Taking a history has three principal functions:

  • Provision of data to inform decision making around differential diagnosis and treatment planning.
  • Initiates a medium by which a therapeutic bond is formed between patient and practitioner.
  • Creates a forum for education.

The importance of thorough and accurate history taking has been recognised for many years. It is very tempting for busy practitioners to try and steer the patient’s presenting signs and symptoms to fit a particular disease pattern by asking leading questions, but this can lead to an inaccurate diagnosis.
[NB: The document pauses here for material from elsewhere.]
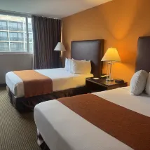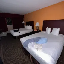 이 호텔이 다른 호텔보다 저렴하고 디즈니까지 무료셔틀이 있어서 2박을 예약했어요. 장비는 낡고 투박했고, 첫날 밤에는 엘리베이터 한 대가 고장나서 다른 엘리베이터도 앉기 위해 먼 길을 가야 했는데, 다음날 한 대만 고장나서 반나절을 기다려야 앉을 수 있었습니다. 다음날 밤 정전이 되었지만 아침 10시 30분까지 기다렸다가 전원을 다시 켜고 에어컨도, 온수 샤워도, 지원도 제공되지 않는 사소한 문제였습니다! 옆집 홀리데이 인이 정전이 되었는데도 사람들이 손전등 두 개를 빌려주고 컵라면을 끓일 수 있도록 뜨거운 물을 제공해 주네요! 무료 숙박의 또 다른 밤을 보내기 위해 성공적으로 싸운 후, 심지어 수영장 유지 보수까지 찾았습니다! 더워지면 물속에서 수영도 못해요! 무료 버스, 그리고 내가 역에서 기다리고 있는 것을 보았음에도 불구하고 180도 회전하여 떠날 수 있었고, 이로 인해 버스를 타고 호텔로 돌아갈 수 있었습니다. 다른 호텔보다 가격이 저렴하다는 것 외에는 이 호텔에 대해 제공할 만한 것이 별로 없습니다! 또한 이 호텔은 나에게 100달러의 보증금을 청구했는데 게시한 지 일주일이 넘도록 환불되지 않았습니다! 이전에 묵었던 샌프란시스코와 캐나다 호텔들은 그렇게 오랫동안 보증금 환불이 안 됐어요! 그의 프런트 데스크에서는 며칠 후에 퇴각할 것이라고 말했습니다!

Silverman and Hurst (1991) suggest that history alone can provide the correct diagnosis in approximately 80% of patients.

History taking comprises ten stages which should be followed in order:

  1. Chief complaint – elicit the chief complaint, using an open-ended question such as ‘What brings you here today’?
  2. History of the chief complaint –
    1. Provocative or palliative – what makes it worse or better?
    2. Quantity or quality – how often do you experience the problem?
    3. Region or radiation – is the problem localised or more diffuse?
    4. Severity or scale – how would you rate your problem?
    5. Timing – is there a particular time of the day or night associated with your problem? When was the onset of your problem and has it been constant or intermittent?
  3. Recapitulation – re-affirm with the patient at this stage that you have understood what their main problem is and the history of that problem as this allows any misconceptions to be resolved before proceeding further with the history.
  4. Family history – some musculoskeletal conditions have a genetic disposition such as rheumatoid arthritis. A genogram is the most systematic and succinct way to record a family history.
  5. Past medical history (PMH) – including all major illnesses, surgery and treatments. Patients may often forget significant aspects of their PMH and you may need to triangulate information with accessory information from the patient’s notes, further questioning based on their medication, and findings from inspection such as scarring indicating previous trauma or surgery.